Fenestrated and branched EVAR (F/BEVAR) (16, 17) and chimney and periscope EVAR (ch-EVAR) (18, 19) have been introduced to overcome these anatomic limitations with good results even in emergent settings (20). Moreover, ch-EVAR can be employed with good results in the treatment of type Ia endoleak after standard EVAR (21). However, these tools require high endovascular skills and have a higher cost. In our experience, we registered one case of perioperative mortality among patients treated with off-label EVAR; in this case no amenable cause of death was recognized and autopsy was not available. In our study we did not encounter any type Ia endoleaks, but type II endoleak occurred in three cases. It can be proposed that the absence of type I endoleak (especially in group B) can be justified by the limited patient sample. However, the new generation device that we employed could also play a role in the reduced type Ia endoleak incidence in patients treated with off-label EVAR. A longer mean procedure duration and fluoroscopy time was reported in patients treated off-label. We can speculate that the need for a more accurate projection before the stent-graft deployment (shorter neck and higher neck angulation) could be related to these outcomes. Despite this, contrast medium usage was not significantly greater in patients treated off-label.
Retrospective analysis, small sample size and lack of randomization represent major limitations of this study. However, the use of new generation device yields supportive evidence for off-label use in patients considered unfit for conventional surgery.
In conclusion, the Endurant II (Medtronic) new generation device was safe in our single-center experience even when employed in an off-label setting at mid-term follow-up. No differences in outcomes were evident between the group treated under IFU and the group treated off-label. The off-label use the Endurant (Medtronic) stent-graft represents an additional tool in the treatment of patients presenting with AAA that are considered unfit for conventional surgery.

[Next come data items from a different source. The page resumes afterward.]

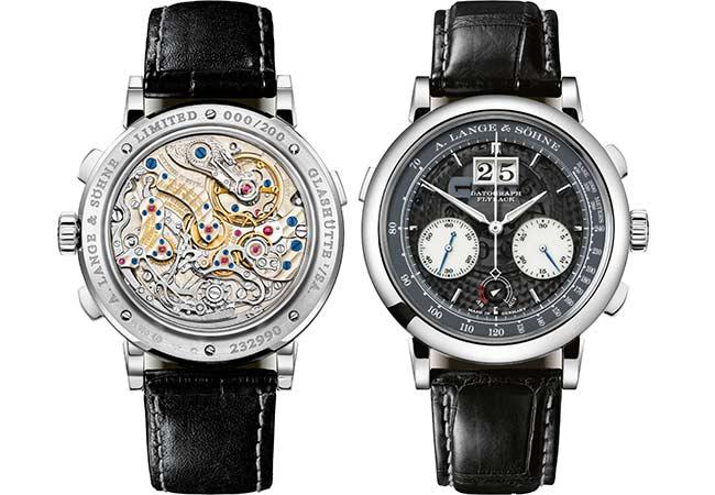 Datograph Up/Down “Lumen”乃朗格於2010年推出之“Lumen”系列的第四款腕錶。 半透明藍寶石水晶玻璃錶盤上的特製塗層可過濾大部分可見光,並只容許紫外光譜中能為夜光物料補充光能的光線穿過。 周遭環境越黑暗,各項顯示與錶盤深色背景的對比則越為鮮明。1999年,朗格推出DATOGRAPH,奠定了計時碼表設計的新基準。 其飛返功能可連續計時:按下4時位置的按鈕,即可停止計時,並立即開始新的計時。 如此功能實屬罕有,只需按一下按鈕,飛返裝置便進行掣停、歸零、重新開始三個所需步驟,因而可節省時間。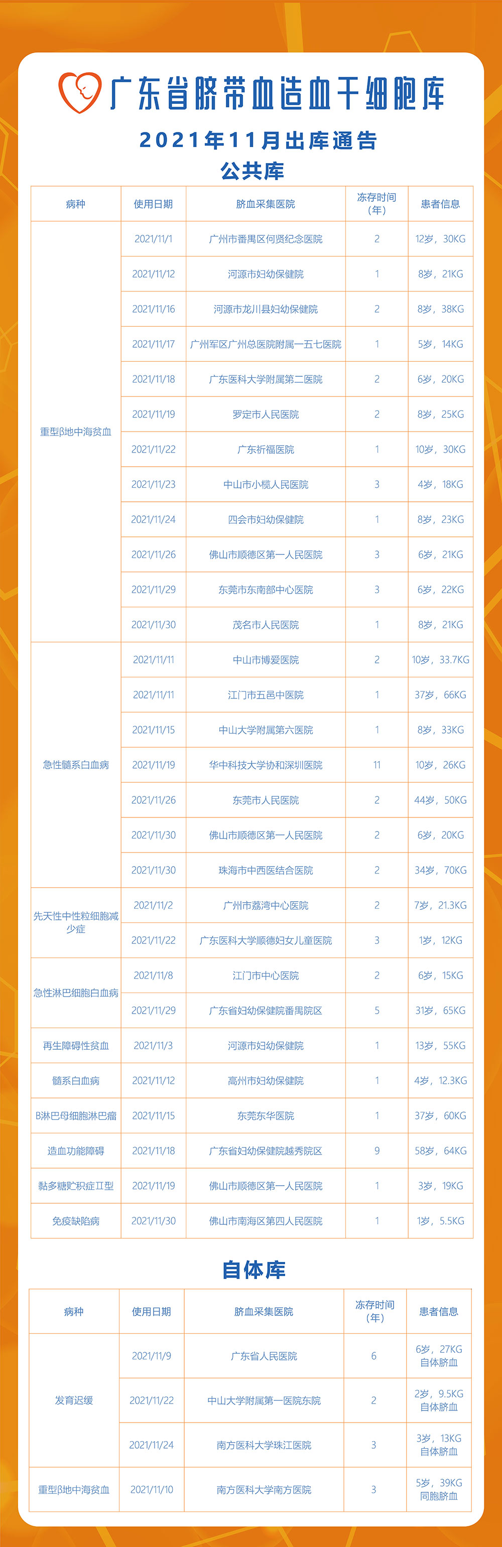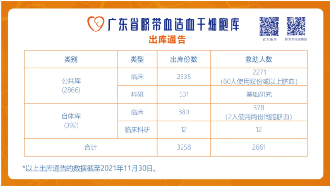截至2021年11月30日,广东省脐血库已出库3258份脐血,救助2661位患者。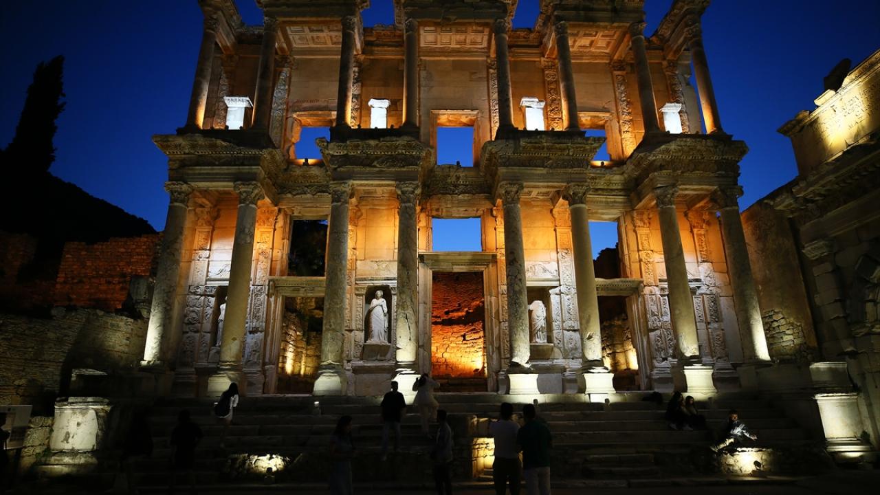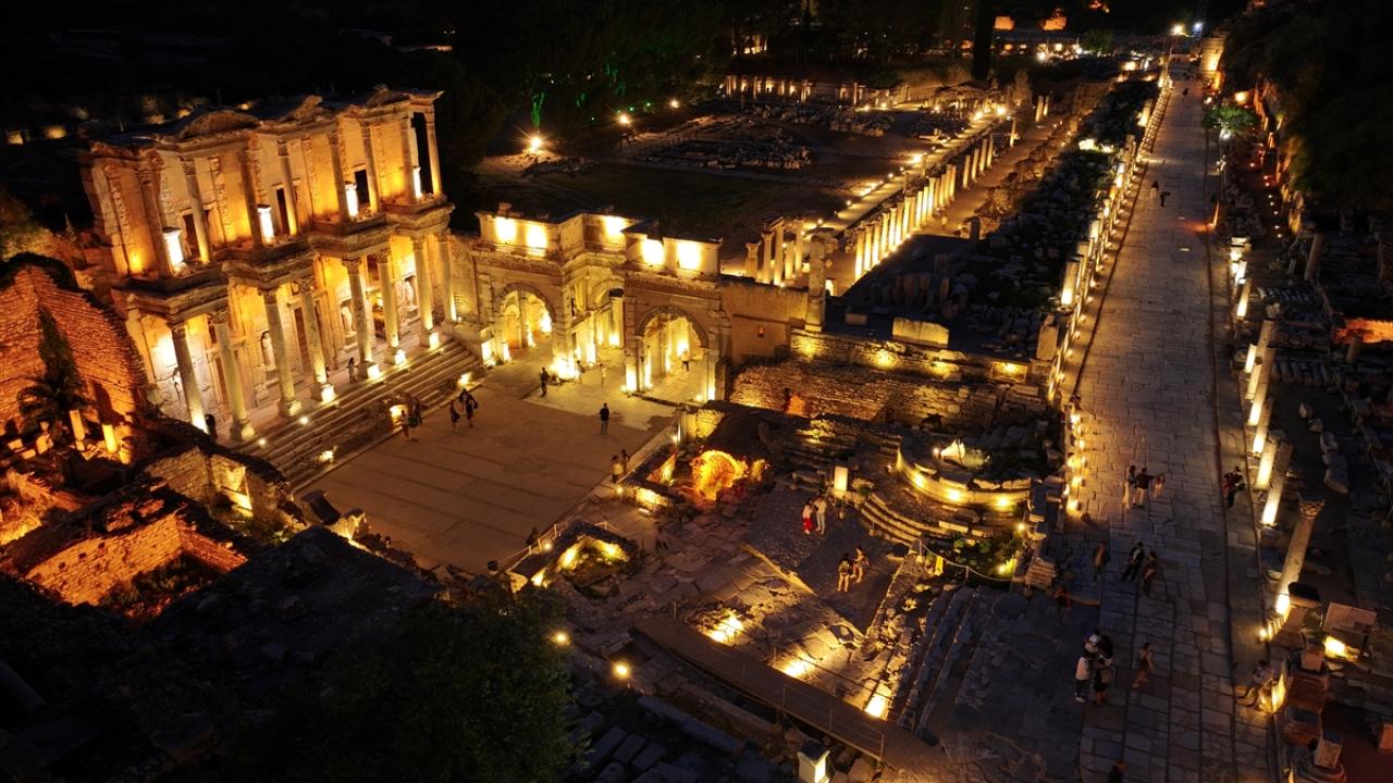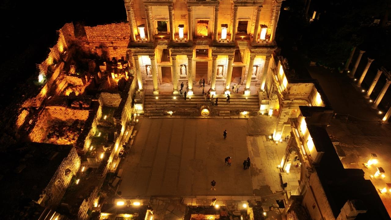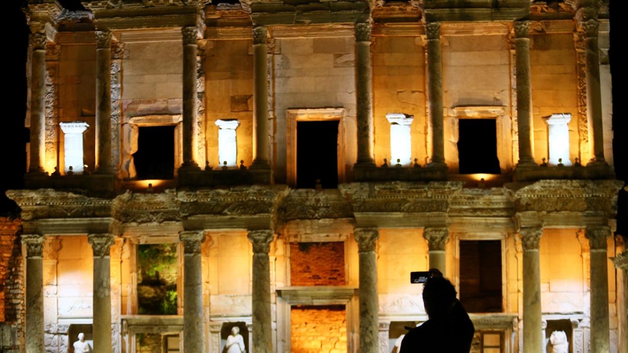 Dünyanın farklı noktalarından her yıl yüz binlerce ziyaretçi çeken yaklaşık 2 bin 300 yıllık Efes Antik Kenti`nin sahip olduğu eşsiz güzellikler, Kültür ve Turizm Bakanlığının "Gece müzeciliği" uygulamasıyla 9 Nisan`dan itibaren gün batımından sonra da ziyaret edilebiliyor.

More extensive experience is required in this subgroup of patients.
Main points.
Endovascular aneurysm repair (EVAR) is the first line approach in abdominal aortic aneurysm (AAA) treatment and the need to improve endovascular materials has arisen in order to increase the EVAR feasibility and to expand its indications.
Anatomic limitations of EVAR have been historically identified as hostile neck, iliac tortuosity, and access.
The increased ability with this tool have pushed many vascular specialists to use EVAR off-label, outside the instructions for use, especially in high-risk patients with AAA considered unfit for conventional surgery.
In this study, patients treated off-label presented a significantly larger aneurysm neck diameter and aneurysm sac diameter; a significantly shorter neck length, a higher proximal infrarenal neck angulation and a higher incidence of conical neck.
No differences were detected in mortality, morbidity, adjunctive intraoperative maneuvers, type Ia endoleak, three-year survival, and three-year freedom from reintervention rates.
The off-label use of the Endurant (Medtronic) stent-graft is an additional tool in the treatment of patients presenting with AAA that are considered unsuitable for conventional surgery.
Footnotes
Conflict of interest disclosure
The authors declared no conflicts of interest.